Files

T

rayhpeng 229c8095be fix(threads): load history messages from event store, immune to summarize

``get_thread_history`` and ``get_thread_state`` in Gateway mode read
messages from ``checkpoint.channel_values["messages"]``. After
SummarizationMiddleware runs mid-run, that list is rewritten in-place:
pre-summarize messages are dropped and a synthetic summary-as-human
message takes position 0. The frontend then renders a chat history that
starts with ``"Here is a summary of the conversation to date:..."``
instead of the user's original query, and all earlier turns are gone.

The event store (``RunEventStore``) is append-only and never rewritten,
so it retains the full transcript. This commit adds a helper
``_get_event_store_messages`` that loads the event store's message
stream and overrides ``values["messages"]`` in both endpoints; the
checkpoint fallback kicks in only when the event store is unavailable.

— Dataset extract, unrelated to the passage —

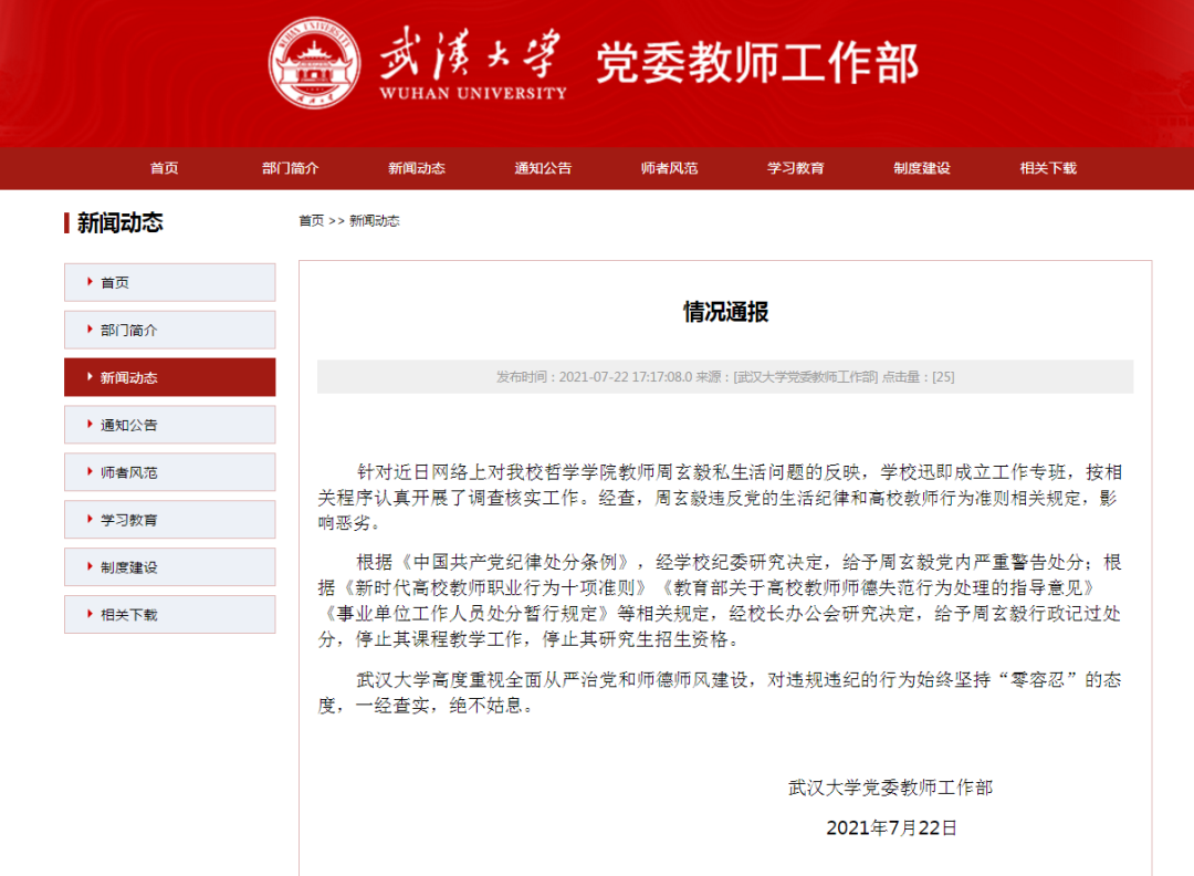 7月22日,武汉大学党委教师工作部发布情况通报:哲学学院教师周玄毅违反党的生活纪律和高校教师行为准则相关规定,影响恶劣。给予周玄毅党内严重警告处分;给予周玄毅行政记过处分,停止其课程教学工作,停止其研究生招生资格。
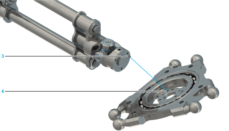 Place the parallel plate on the bottom universal joint as shown in the following figure and ensure that the locating pin (3) is in alignment with the corresponding hole of the parallel plate (4).

Behavior contract of the helper:

- **Full pagination.** ``list_messages`` returns the newest ``limit``
  records when no cursor is given, so a fixed limit silently drops
  older messages on long threads. The helper sizes the read from
  ``count_messages()`` and pages forward with ``after_seq`` cursors.
- **Copy-on-read.** Each content dict is copied before ``id`` is
  patched so the live store object (``MemoryRunEventStore`` returns
  references) is never mutated.
- **Stable ids.** Messages with ``id=None`` (human + tool_result,
  which don't receive an id until checkpoint persistence) get a
  deterministic ``uuid5(NAMESPACE_URL, f"{thread_id}:{seq}")`` so
  React keys stay stable across requests. AI messages keep their
  LLM-assigned ``lc_run--*`` ids.
- **Legacy ``Command`` repr sanitization.** Rows captured before the
  ``journal.py`` ``on_tool_end`` fix (previous commit) stored
  ``str(Command(update={'messages': [ToolMessage(content='X', ...)]}))``
  as the tool_result content. ``_sanitize_legacy_command_repr``
  regex-extracts the inner text so old threads render cleanly.
- **Inline feedback.** When loading the stream, the helper also pulls
  ``feedback_repo.list_by_thread_grouped`` and attaches ``run_id`` to
  every message plus ``feedback`` to the final ``ai_message`` of each
  run. This removes the frontend's need to fetch a second endpoint
  and positional-index-map its way back to the right run. When the
  feedback subsystem is unavailable, the ``feedback`` field is left
  absent entirely so the frontend hides the button rather than
  rendering it over a broken write path.
- **User context.** ``DbRunEventStore`` is user-scoped by default via
  ``resolve_user_id(AUTO)``. The helper relies on the ``@require_permission``
  decorator having populated the user contextvar on both callers; the
  docstring documents this dependency explicitly so nobody wires it
  into a CLI or migration script without passing ``user_id=None``.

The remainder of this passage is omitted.